Along with the six Hair nominations, the Chance is also up for a new category in the Ovations this year: Best Season, right up there with Los Angeles heavyweights the Geffen Playhouse, Rubicon Theatre Company, the Fountain Theater and Troubadour Theater Company, which has graced Orange County with its presence often the past decade years with its helter-skelter blend of Shakespeare and pop tunes (Fleetwood Macbeth, Romeo Hall and Juliet Oates; Hamlet, the Artist Formerly Known as the Prince of Denmark).
We've been saying for several years that the Chance has surpassed every other OC storefront theater in terms of work and execution. It retains the best acting pool, the highest production values and has demonstrated an ability to nail everything from complicated Stephen Sondheim musicals and complex Anton Chekov plays to more contemporary fare, such as its gripping production of David Lindsay-Abaire's Pulitzer Prize-winning Rabbit Hole, in 2008.

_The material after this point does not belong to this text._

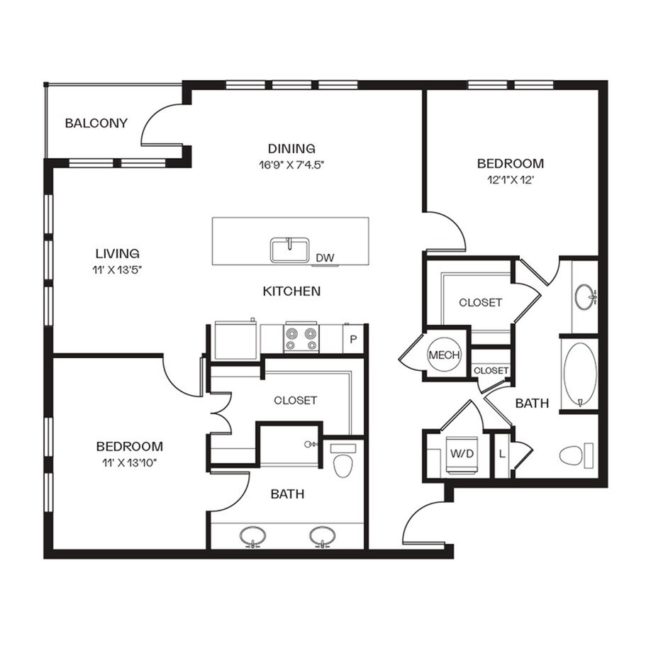 1 Bed, 1 Bath, 663-707 sq ftAvailable NowModel Gallery
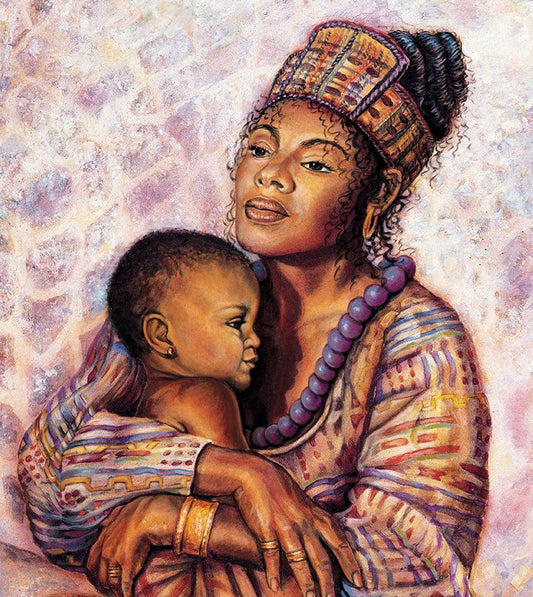 Nubian Lady and Child White Modern Wood Framed Art Print with Double Matting by Unknown

It's received a slew of OC Weekly Theater Award nominations (along with other, far less prestigious ones) over its 10-year history, and it can easily make the case that it's the most successful OC theater since one that launched in 1964 in Costa Mesa: SCR, which today is a major factory of new play development in American theater and one of the country's most well-respected theaters.
If the Chance continues to kick ass over the next 10 years, it seems unavoidable that it will eventually be hanging with the biggest kids on the theatrical block.